Last year, researchers at Google applied the “cocktail party effect” observed by human beings to machines. For instance, in a party, there are so many voices, but we only listen to the person we like by focusing our mind on that face.

We all know the idea of speech separation is not new. Few years ago, work on speech-separation and audio-visual signal processing was already accomplished by researchers using neural network model. But there were some limitations in these models such as they are speaker-dependent where a dedicated model must be trained for each speaker separately which limit their applicability. To overcome this speaker-dependency, last year, the researchers at Google came up with this new deep-net based model to address the problem of speaker-independent AV speech separation.

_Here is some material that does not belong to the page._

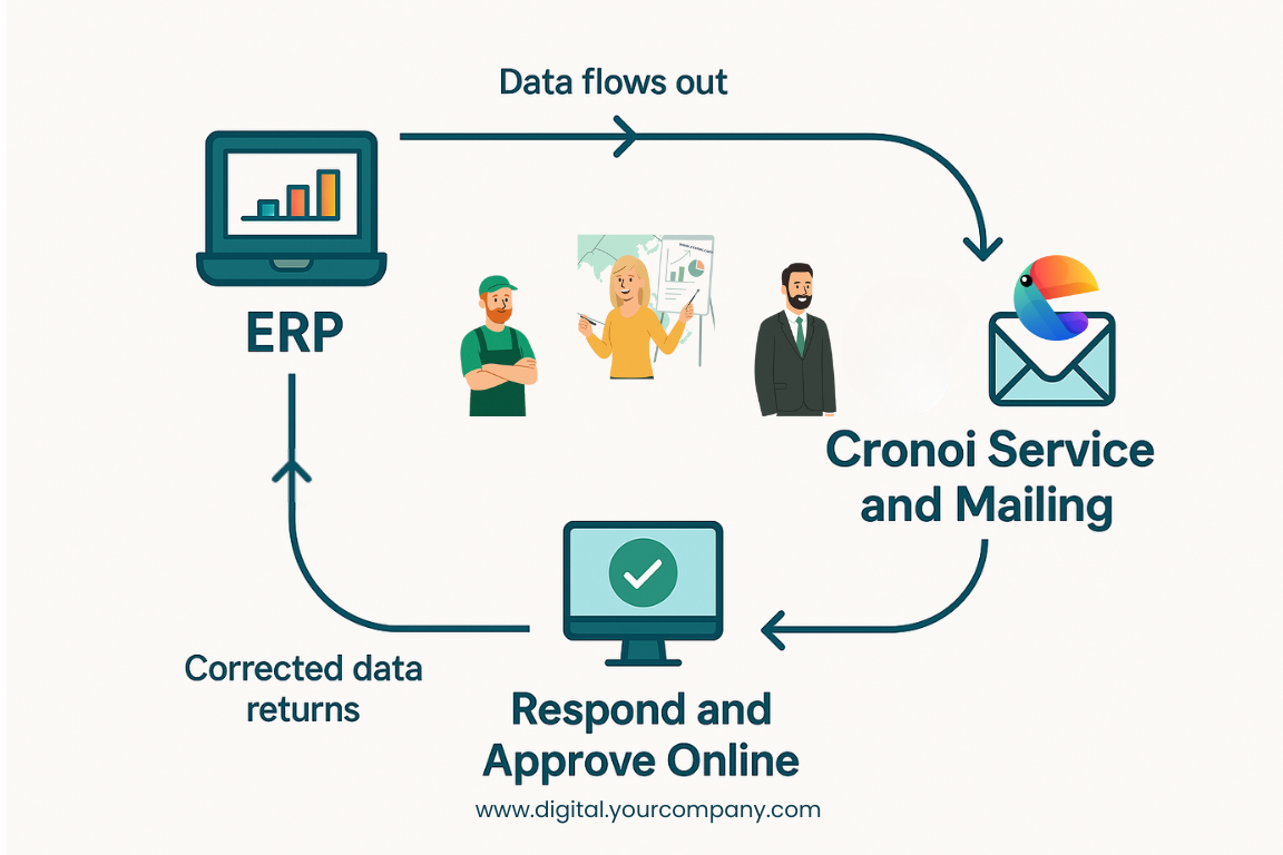 With Cronoi, you can effortlessly transform data from your ERP system into information requests, approval requests, or notifications and seamlessly integrate it.

The Audio-Visual Speech Separation Model

The interesting fact about the research is that the focus of the researchers was not only on the speech but also on the visual cues, for instance, the subject’s lip movements including other facial movements that results to what he/she is saying. The visual cues are used to focus the audio on a particular subject who is speaking, thus improving the quality of speech separation.

A collection of 100,000 high-quality videos of lectures, how-to videos and TED-talks have been collected from YouTube to generate training examples. These videos help in extracting clean speech without any extra sound like music, audience running in the background. This clean data known as AVSpeech is then used to generate a training set of “synthetic cocktail parties” by mixing face videos and their corresponding speech from separate video sources along with non-speech background noise from Google’s AudioSet.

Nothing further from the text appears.